Макс поморщился, не разлепляя век, и привычным движением сунул руку под подушку — нащупать смартфон, выключить будильник. Пальцы скользнули по жесткой, пахнущей хлоркой наволочке, провалились в яму продавленного матраса и с глухим стуком врезались в металлическую сетку.
Дзынь.
Звук жалобный, пружинистый. Так звучит не ортопедический матрас «Аскона», а старая панцирная койка в пионерлагере.
Распахнул глаза.
Нависал неестественно высокий потолок — метра три с половиной, с лепниной в углу, похожей на засахаренный, облупившийся торт. По побелке лениво ползла муха, жужжа как бомбардировщик на холостом ходу. В комнате пахло пылью, старой бумагой и чем-то невыносимо вкусным — жареным луком и картошкой. Запах густой, плотный, он буквально стоял в воздухе, вызывая голодный спазм в желудке.

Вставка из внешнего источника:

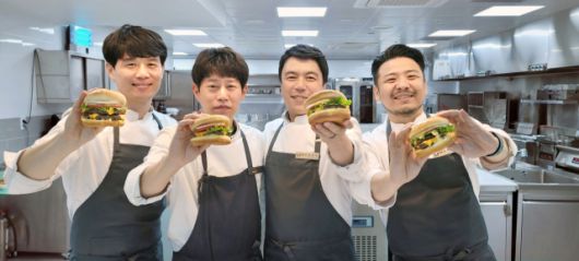 야심작인 그릴드비프버거 탄생의 중심에는 김광묵 맘스터치 제품혁신센터장, 최영진 팀장, 원종운 과장, 추연경 대리가 있다. 이들은 한국, 프랑스, 미국 유명 호텔 및 미쉐린 등급 레스토랑 출신으로 지난 1년간 끊임없는 아이디어 회의와 레시피 테스트 끝에 신제품을 세상에 내놓았다. ‘싸이버거의 영광 재현’이라는 부담스러운 미션 속에서도 “충실한 기본의 맛”을 살리는 데 공을 들였다는 개발의 주역들을 27일 서울 천호동 맘스터치 본사 제품혁신센터에서 만났다.

— Твою мать, — прошептал Макс.
Голос прозвучал чужой. Выше, звонче, без привычной никотиновой хрипотцы.
Рывком сел. Кровать отозвалась многоголосым скрипом, похожим на стон умирающего кита.
Комнату заливал свет. На подоконнике, в трехлитровой банке с мутной водой, стояли ветки сирени, уже начавшие осыпаться. На полу — выцветший паркет «ёлочкой», местами выбитый. На стуле висел вельветовый пиджак коричневого цвета, затертый на локтях, и брюки, явно требовавшие утюга. На стене, прибитый гвоздиком, висел отрывной календарь. Красные цифры кричали: 25 мая 1971 года. Вторник.
Свесил ноги на холодный пол. Посмотрел на руки.
Чужие.
Где шрам на большом пальце от пореза струной в восемнадцатом? Где татуировка в виде скрипичного ключа на запястье? Вместо них — узкие, бледные кисти, длинные пальцы с аккуратно, по-школьному остриженными ногтями. На среднем пальце правой руки — чернильное пятно от ручки.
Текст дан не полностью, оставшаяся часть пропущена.